初雪用胳膊杵了她一下,讓她快別說了。
那產婦一直往這邊看呢,表情可不算好,還是少刺激吧。
怕傅妍婉沒明白,初雪湊近她耳邊說道:“這人心難測,你低調一點。”
傅妍婉往那邊看了一眼,心里便是一咯噔,心想:幸好四嫂來了。
初雪看她明白了,便問道:“名字起好了沒?”
一聽這話,傅妍婉臉上重新掛上了笑:“江峰說國慶剛過沒幾天,就叫任國慶好了,小名叫慶寶,跟三胞胎一樣也是寶。”

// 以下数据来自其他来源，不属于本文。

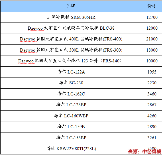 近期玻璃门饮料冷藏柜部分品牌报价统计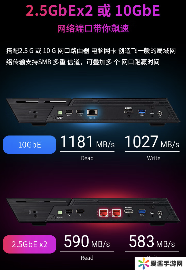 系列NAS尺寸为308.26 x 193 x 48.3mm,配备4GB RAM,最高能扩展 12 块 M.2 SSD(PCIe 4.0+3.0),支持4K 10-bit硬件解码和HDMI 2.0b输出,底部内置80mm风扇散热。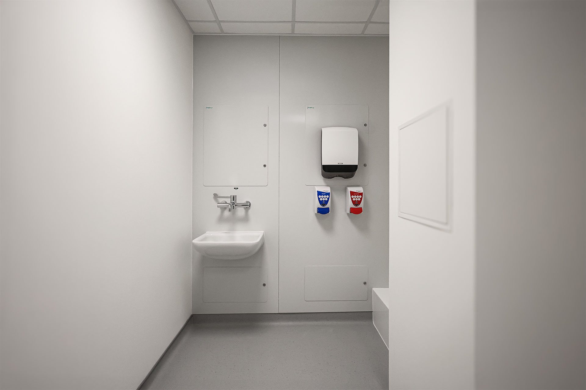 ![]() | Public washrooms within the Urgent Care Centre were completed using Trovex Washrooms SGL cubicle systems, selected specifically for healthcare use due to their moisture resistance, impact durability, and long service life. The cubicle systems are designed to withstand heavy daily use in public healthcare washrooms, while integrated Hygipod IPS behind sanitaryware provides standardised and discreet service access without compromising the overall appearance of the space. The result is a clean, practical washroom environment that supports patient experience, infection control, and long-term maintenance. |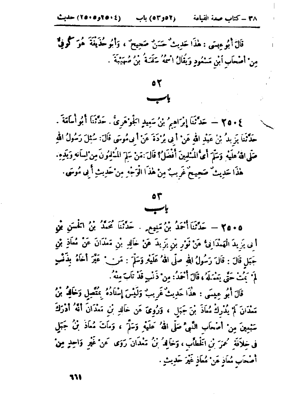 2504 - حَدَّثَنَا إِبْرَاهِيمُ بْنُ سَعِيدٍ الجَوْهَرِيُّ قَالَ: حَدَّثَنَا أَبُو أُسَامَةَ قَالَ: حَدَّثَنَا بُرَيْدُ بْنُ عَبْدِ اللَّهِ، عَنْ أَبِي بُرْدَةَ، عَنْ أَبِي مُوسَى، قَالَ: سُئِلَ رَسُولُ اللَّهِ صَلَّى اللَّهُ عَلَيْهِ وَسَلَّمَ أَيُّ المُسْلِمِينَ أَفْضَلُ؟ قَالَ: «§مَنْ سَلِمَ المُسْلِمُونَ مِنْ لِسَانِهِ وَيَدِهِ» هَذَا حَدِيثٌ صَحِيحٌ غَرِيبٌ مِنْ هَذَا الوَجْهِ مِنْ حَدِيثِ أَبِي مُوسَى "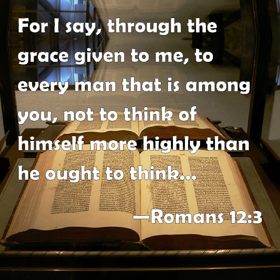 Choose a Background Romans 12:3 For I say, through the grace given to me, to every man that is among you, not to think of himself more highly than he ought to think; but to think soberly, according as God has dealt to every man the measure of faith. KJV: For I say, through the grace given unto me, to every man that is among you, not to think of himself more highly than he ought to think; but to think soberly, according as God hath dealt to every man the measure of faith. DRB: For I say, by the grace that is given me, to all that are among you, not to be more wise than it behoveth to be wise, but to be wise unto sobriety, and according as God hath divided to every one the measure of faith. DBT: For I say, through the grace which has been given to me, to every one that is among you, not to have high thoughts above what he should think; but to think so as to be wise, as God has dealt to each a measure of faith. ERV: For I say, through the grace that was given me, to every man that is among you, not to think of himself more highly than he ought to think; but so to think as to think soberly, according as God hath dealt to each man a measure of faith. WBT: For through the grace given to me, I say, to every man that is among you, not to think of himself more highly than he ought to think; but to think soberly, according as God hath dealt to every man the measure of faith. WEB: For I say, through the grace that was given me, to every man who is among you, not to think of himself more highly than he ought to think; but to think reasonably, as God has apportioned to each person a measure of faith. YLT: For I say, through the grace that was given to me, to every one who is among you, not to think above what it behoveth to think; but to think so as to think wisely, as to each God did deal a measure of faith,Links Romans 12:3 NIV • Romans 12:3 NLT • Romans 12:3 ESV • Romans 12:3 NASB • Romans 12:3 KJV • Romans 12:3 Interlinear • Romans 12:3 Commentaries • Romans 12:3 Parallel Texts • Romans 12:3 Bible Apps • Romans 12:3 Parallel • Bible Hub |

她說完,還笑了起來,只是不知道是幅度太大還是怎么了,‘嘶’了一聲后,突然就變了臉色。
初雪看她呲牙咧嘴的:“怎么了?”
傅妍婉有些尷尬地擺了擺手:“沒事,太過得意忘形了。”
初雪一下子明白了過來,跟著便笑了起來。
初雪把自己帶來的東西拿出來:“這里面有我孩子做的小包被,還有幾身小衣服,之前不知道性別,顏色都做的比較中性。”

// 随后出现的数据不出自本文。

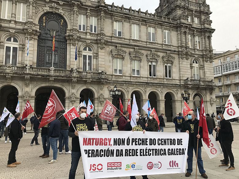 Os traballadores do Centro de Operación de Rede de Naturgy da Coruña concentráronse este xoves na Praza de María coincidindo coa declaración institucional lida no pleno municipal en defensa do continuidade das instalacións e dos empregos. Cómpre lembrar que a eléctrica, que explota aproveitamentos hidráulicos, ten parques eólicos e que está conseguindo novos MW en enerxías renovábeis na Galiza, anunciou a clausura deste centro e o traslado dos seus 27 traballadores a centos de quilómetros ou, no caso de non aceptar, ir ao desemprego.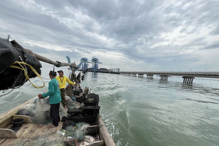 Bentangan jetty Pembangkit Listrik Tenaga Uap (PLTU) Cirebon-1 di lepas pantai Kecamatan Mundu, Kabupaten Cirebon, Jawa Barat, Minggu (11/1/2026).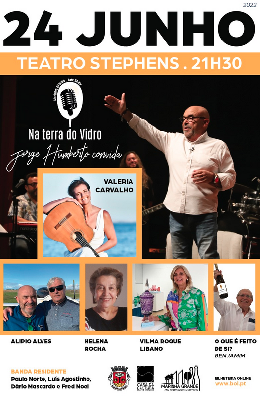 A atriz, cantora e compositora brasileira Valéria Carvalho é a convidada principal do segundo Talk Show “Na Terra do Vidro, Jorge Humberto convida”, que se realiza no dia 24 de junho (sexta-feira), pelas 21h30, na Casa da Cultura Teatro Stephens, na Marinha Grande.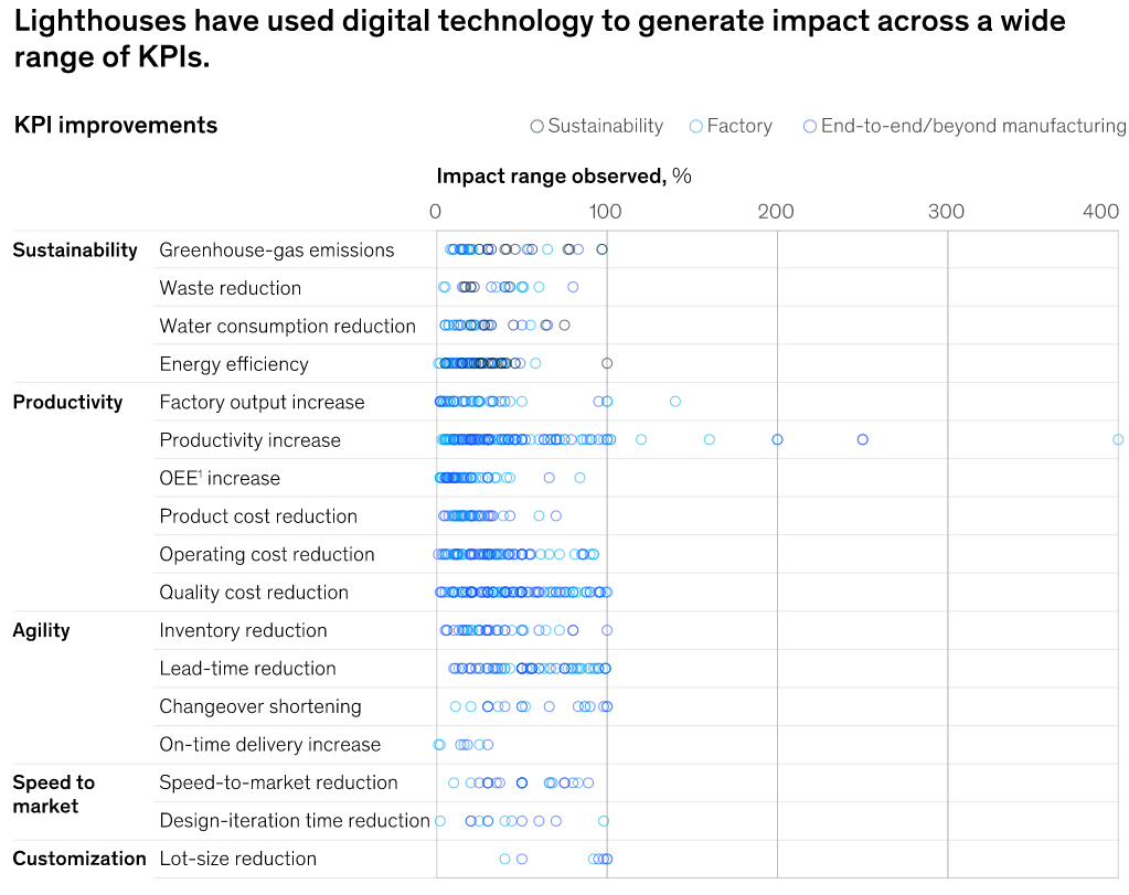 IoT 센서기술과 AI기술의 발전으로 스마트 제조 시스템이 충분한 경쟁력을 갖춘 것도 이유가 될 것이다. 이로 인해 생산라인의 자동화 및 최적화가 가능해지며, 불필요한 공정의 제거, 중복작업 최소화, 작업 생산성 향상 등의 부가가치가 생겨난다. 맥킨지에서의 조사에 따르면 industry 4.0 도입으로 생산성 증가가 가장 두드러진다.

可能是喝了初雪給她備的空間潭水的緣故,傅妍婉人精神得很:“快讓我看看。”
當看到衣角上還繡著可愛的小動物時,臉上全是欣喜之色:“四嫂,這也太好看了。”
初雪趕緊解釋:“衣服是我做的,但這圖案可不是我繡上去的,我可沒這本事,是魏大娘幫忙繡的。”

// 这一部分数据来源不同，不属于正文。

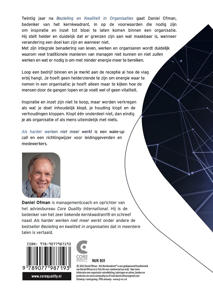 Met zijn integrale benadering van leven, werken en organiseren wordt duidelijk waarom veel traditionele manieren van managen niet kunnen en niet zullen werken en wat er nodig is om met minder energie meer te bereiken.

傅妍婉贊嘆道:“沒想到魏大娘竟然還有這手藝,這可真是了不得。”
隔壁那產婦沒看清上面的圖案,聽到傅妍婉這么說,沖她翻了個白眼:“一件衣服就高興成這樣,真是個沒見過世面的。”
雖沒指名道姓,可很明顯是在說傅妍婉。
傅妍婉本就忍了好久了,現在家里人好幾個還守在這,她不想生事,可也不準備無緣無故受這種氣:“有些人就是吃不到葡萄說葡萄酸,自家的事還管不好,還好意思管別人的事,分明就是吃飽了撐的。”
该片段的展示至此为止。